Escudero: Aquino clean on anti-Poe hits
President Benigno Aquino III has nothing to do with the attacks mounted by his party mates and allies against Sen. Grace Poe, her running mate, Sen. Francis Escudero, believes.
As such, Escudero sees no need to talk to Mr. Aquino, his friend, to get his allies to back off Poe in their attempts to get her out of the presidential race.
“In my view, President Aquino has no personal involvement in the steps taken against Senator Poe. If anything, it’s the people under him who are campaigning for and are solidly behind the candidate he anointed. But as for he himself, I do not see his hand or any move of his regarding the matter,” Escudero told reporters on Friday at a Senate forum.
Poe, who is running for president as an independent, is facing a string of disqualification cases in the Commission on Elections. The complaints contend she is not a natural-born citizen since she is a foundling, and she does not meet the 10-year residency rule since she lived in the United States.
Poe and Escudero have blamed her rivals, including the camp of Liberal Party standard bearer Mar Roxas, for the attempts to disqualify her.
But Escudero said he was confident the President was not involved in the efforts to bring down Poe.
“Understand that he is not helping in this. It’s enough for me because, of course, there is some ill feeling from the other side that he is not helping to achieve this,” Escudero said.
As for Mr. Aquino’s recent twitting of Roxas’ rivals when he was in Rome, Escudero noted that the President commented on each candidate but not on whether Poe could run or not.
Escudero said his friendship with Mr.
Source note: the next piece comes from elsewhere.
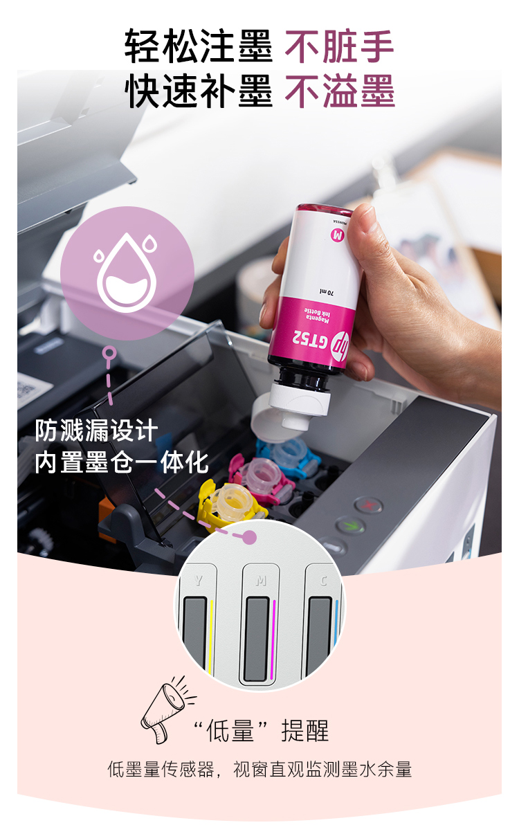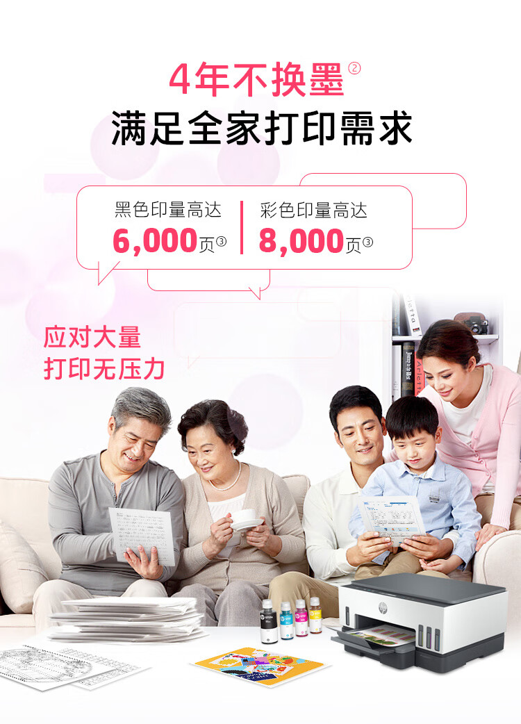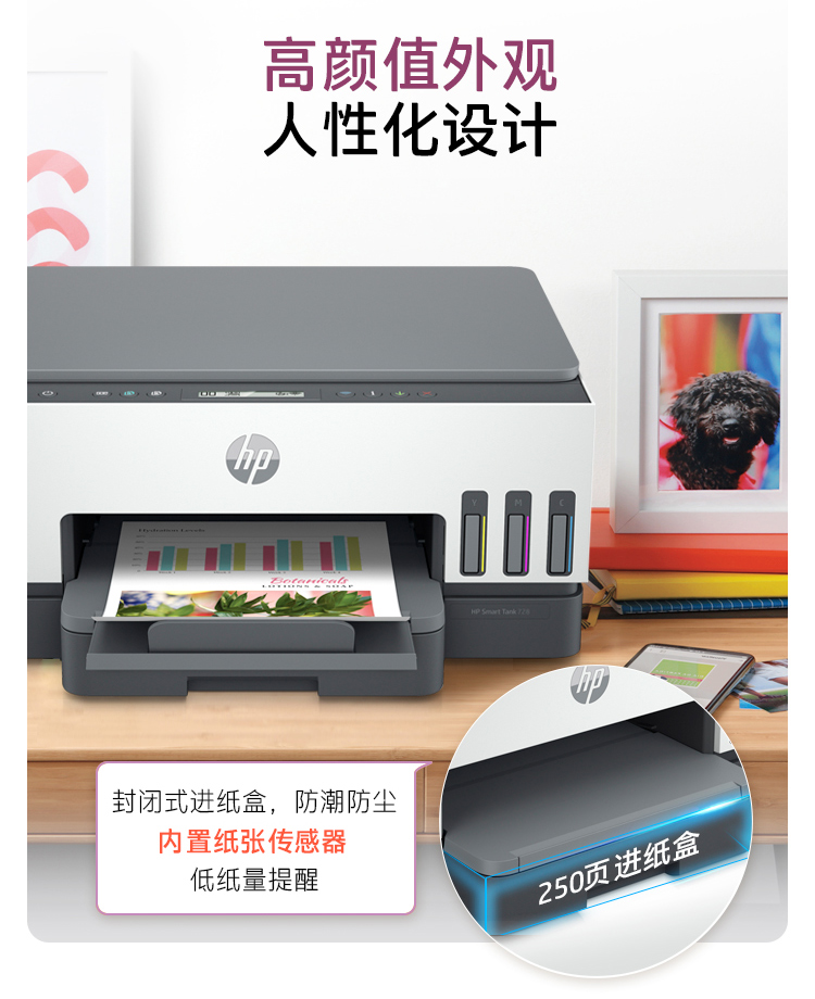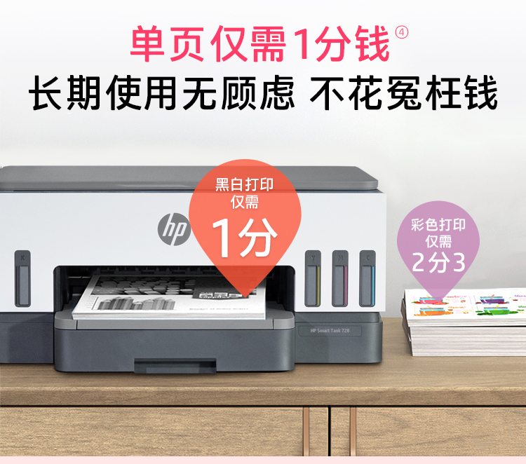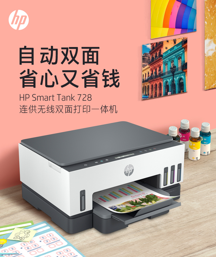 惠普(HP)728 連供無線打印一體機 自動雙面三合一彩色打印機家用 打印復(fù)印掃描商用辦公單頁成本1分錢

Aquino remained, although they last talked when the President was trying to convince Poe to be Roxas’ running mate.
“He has kept a respectful distance and so have I,” the senator said.
He surmised they would next talk when the elections are over.
Escudero meanwhile noted that only one more vote was needed in the Comelec en banc to disqualify Poe, which was why their camp was not pinning their hopes on the poll agency.
Three election commissioners belonging to one division had already ruled to disqualify Poe for not meeting the residency requirement.
Escudero said their next move, should the Comelec rule against Poe, would be to run to the Supreme Court.
He said that based on the Supreme Court’s 2004 ruling in the case against Poe’s adoptive father, Fernando Poe Jr., she should be allowed to run.
The elder Poe also faced a challenge to his candidacy for president over questions of his citizenship.
In the 2004 decision, the high court essentially ruled that the people should be allowed to decide and Fernando Poe Jr. should be allowed to run, Escudero said.